First, you need to separate control and data operations into separate traits. There are cases when a virtualized client can perform control operations. E.g., a virtualized SPI client can configure pin polarity and clock phase on the SPI, to match the device connected on the bus. However, a virtualized UART can’t change the receive speed, because that will change it for all clients and is generally expected to be constant. Similarly, a virtualized SPI client probably can’t change its chip select line. If the traits are not separated, then any client that can call data methods can call control methods. Allowing to to call control methods but then ignore them pushes a bug that could be obviously found at compile time to a hidden bug at runtime.
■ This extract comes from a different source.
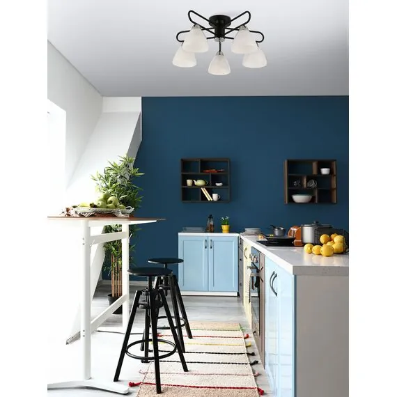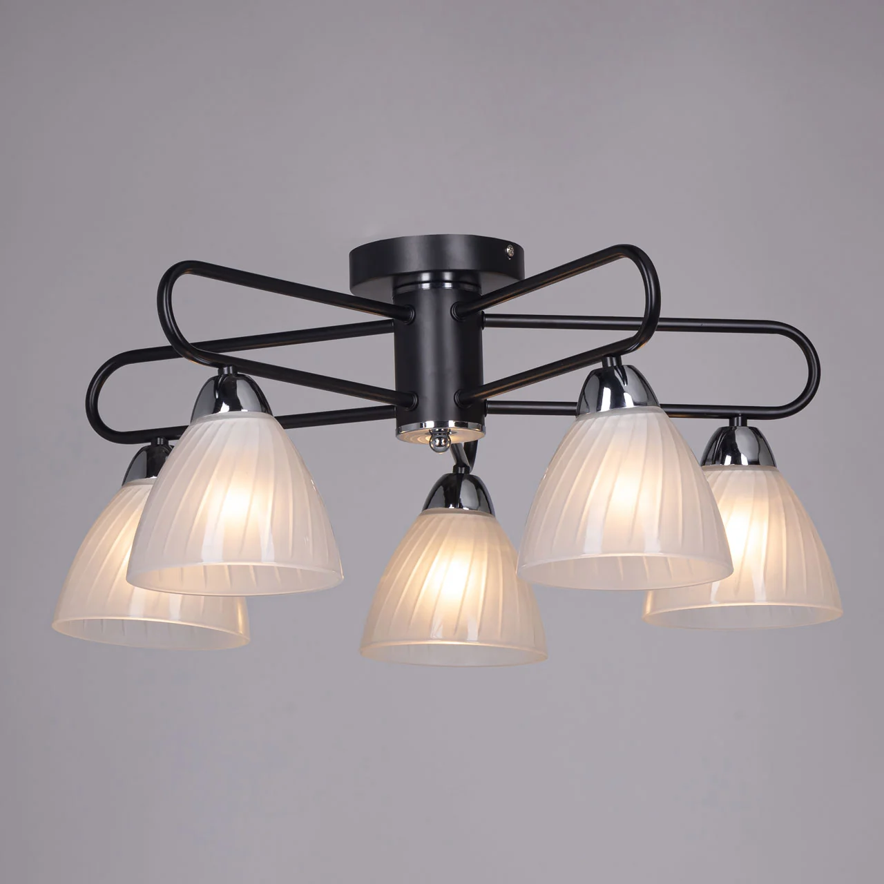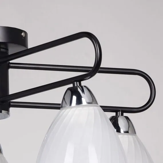 Артикул: 635011505; Бренд: De City; Коллекция: Дэла; Стиль: Современный; Тип светильника: Люстра потолочная; Тип крепления: Потолочные - Планка; Степень защиты: 20; Общая мощность, W: 300; Площадь освещения, м2: 15; Напряжение питания, V: 220В; Количество ламп: 5; Тип ламп: накаливания, Накаливания; Тип цоколя: E27; Мощность ламп, W: 60; Световой поток, Lm: 3225; Цветовая температура, K: 2700; Материал каркаса: металл, Металл; Материал плафона: стекло, Стекло; Цвет каркаса: черный, Черный, Чёрный; Цвет плафона: белый, Белый; Лампы в комплекте: Нет; Наличие пульта: Нет; Гарантия, мес: 12; Длина, мм: 560; Ширина, мм: 560; высота: 260; Диаметр, мм: 560; Вес, кг: 2.6; Вес упаковки, кг: 3.26; Длина упаковки, см: 30.5; Ширина упаковки, см: 26.5; Высота упаковки, см: 16.5

Second, you need to separate different data operations into separate traits. Different data operations have different virtualization approaches. Packet transmit virtualization introduces a queue, for example, and requires some careful buffer management between virtualized clients and the underlying dedicated service. Packet receive virtualization, in contrast, is either dispatch (each client has a dedicated receive based on some byte in the header, such as TCP port) or copy (received data is copied into every receive buffer).

For example, here’s our current (v1.2) UART trait:

pub trait UART {
    fn set_client(&self, client: &'static Client);
    fn init(&self, params: UARTParams);
    fn transmit(&self, tx_data: &'static mut [u8], tx_len: usize);
    fn receive(&self, rx_buffer: &'static mut [u8], rx_len: usize);
    fn abort_receive(&self);
}

pub trait Client {
    fn transmit_complete(&self, tx_buffer: &'static mut [u8], error: Error);
    fn receive_complete(&self, rx_buffer: &'static mut [u8], rx_len: usize, error: Error);
}

I’d argue this should be split into five traits:

// Was initialize — changed name to be consistent with Pat’s distinction between
// initialization and configuration
pub trait Configure {
    fn configure(&self, params: UARTParams) -> ReturnCode;
}

pub trait Transmit {
    fn set_client(&self, client: &'static TxClient) -: ReturnCode;
    fn transmit(&self, tx_data: &'static mut [u8], tx_len: usize) -> ReturnCode;
    fn abort_transmit(&self) -> ReturnCode;
}

pub trait Receive {
    fn set_client(&self, client: &'static Client) -> ReturnCode;
    fn receive(&self, rx_buffer: &'static mut [u8], rx_len: usize) -> ReturnCode;
    fn abort_receive(&self) -> ReturnCode;
}

pub trait TransmitClient {
    fn transmit_complete(&self, tx_buffer: &'static mut [u8], rval: ReturnCode);
}

pub trait ReceiveClient {
    // ReturnCode is for generic control/system errors; Error is for UART-specific
    // information, such as parity errors, etc.
    fn receive_complete(&self, rx_buffer: &'static mut [u8], rx_len: usize, rval: ReturnCode, error: Error);
}

[ppannuto]

Dropping a link to #1045 (review) here, which includes a nice summary of some problems with the UART "virtualization" as-is.